Novak Djokovic may have to work to keep his confidence in check as the runaway world number one begins his bid next week for a third "home" title at the Monte Carlo Masters.

The 28-year-old Serb who is based in the principality is fresh from his fourth title of the season from five events played, winning Miami a week ago to complete the US hardcourt "Sunshine Double" which also includes the desert venue of Indian Wells.

Now, with his major career goal a first-ever Roland Garros title to copmplete a career grand slam, Djokovic is going into his first battle on the clay in top physical and mental form.

"I've always wanted to be where I am at the moment," said the top seed who is defending the trophy from 2015. "I'm doing something that is worth it. I've put myself in the position to fight for biggest trophies in sport.

"Thankfully I've not lost too many matches in the last couple of years, I'm playing the best tennis of my life.
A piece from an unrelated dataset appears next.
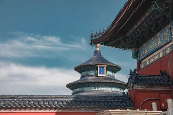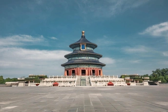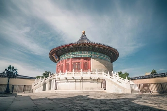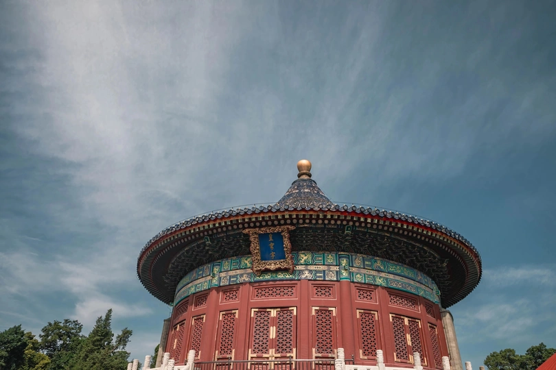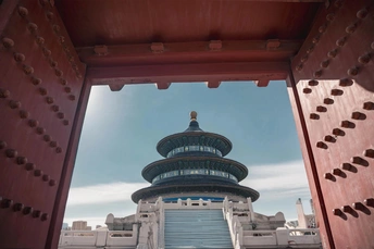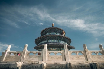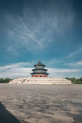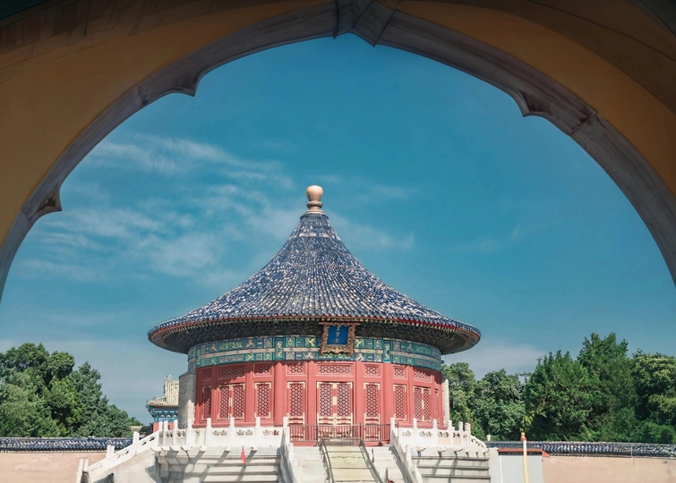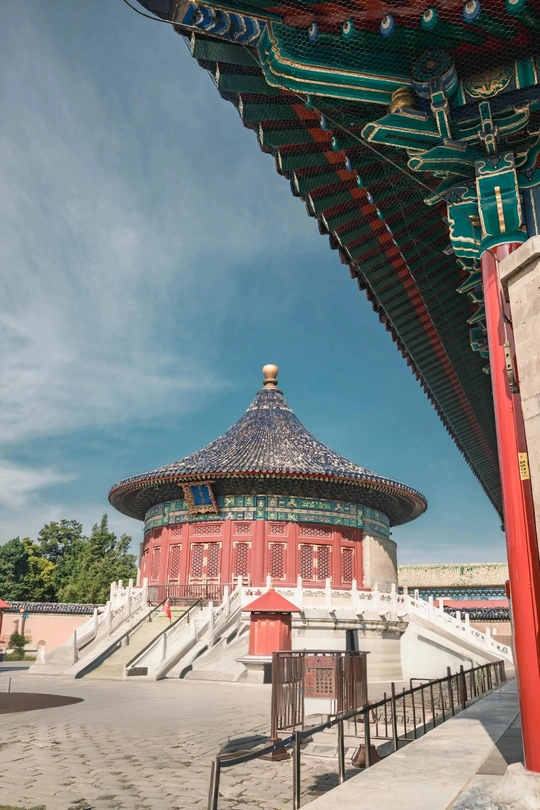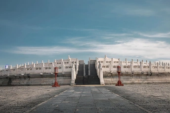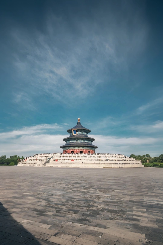 天坛的光,是清晨斜照在祈年殿蓝瓦金顶上的那一抹,琉璃泛着澄澈的辉光,汉白玉栏杆投下清晰的影,如时光刻下的刻度。穹宇的藻井里,阴影深邃,更衬得正中那一点金龙鎏金的璀璨。 穿行于丹陛桥,树影斑驳,明明灭灭地洒在御道上。圜丘坛的三层圆台,在正午的烈日下轮廓分明,石面耀眼;而当日头西斜,影子便被拉得悠长,与石雕的纹样交织成寂静的叙事。 这光与影,是这座祭坛无声的语言,述说着百年来明与暗、人与天的对话。
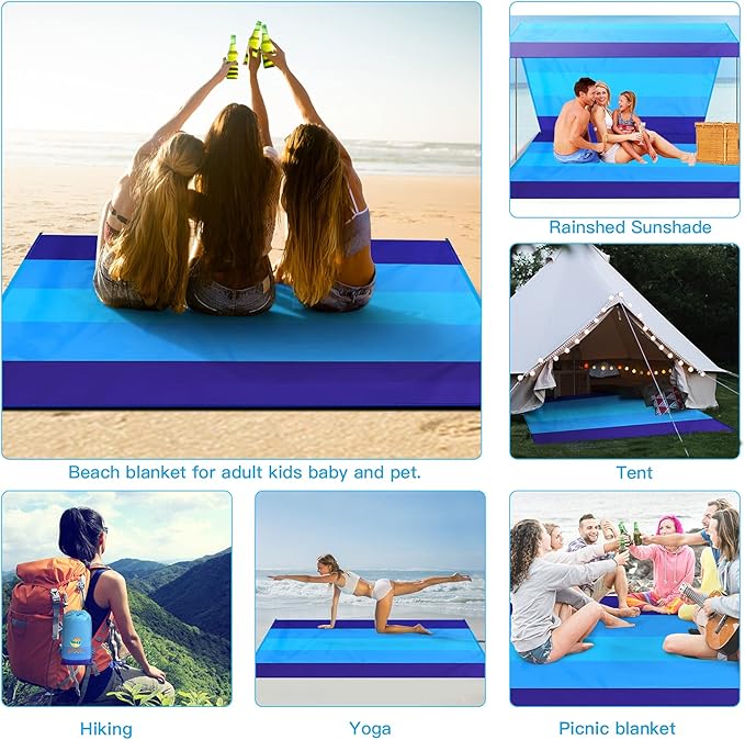 - ๐๏ธBeach Blanket Oversized:Good wear resistance,Dry-Quick,Can also be used as a rain shed,sunshade,tent,toddler crawl,Emergency mat,Feel comfortable lying down,Won't irritate your skin,Better professional fabric sewing.

That comes after years of dedication, evolution and growth and understanding myself as a player."

Djokovic credited his team headed by Boris Becker with keeping his motivation and level at a sky-high peak.

"If I don't play consistently, other players will challenge. I just try to keep going, I don't pay attention to the rankings of the points do defend. That time of my career is over.

"It's now about maintaining my level of performance. If I do that I have a good chance to get far."

One-time king of clay Rafael Nadal is a player with something to prove at the start of the pre-Paris clay run-up.

Nadal, who owned eight straight Monaco titles 2005-2012, has not won a trophy of any kind since minor success last August on clay in Hamburg.

The 29-year-old Spaniard has been working to rebuild confidence lost in 2015 and has been making progress - though not all the way to a 2016 trophy just yet.

Nadal goes into his favourite and most productive part of the ATP season with fresh mental strength.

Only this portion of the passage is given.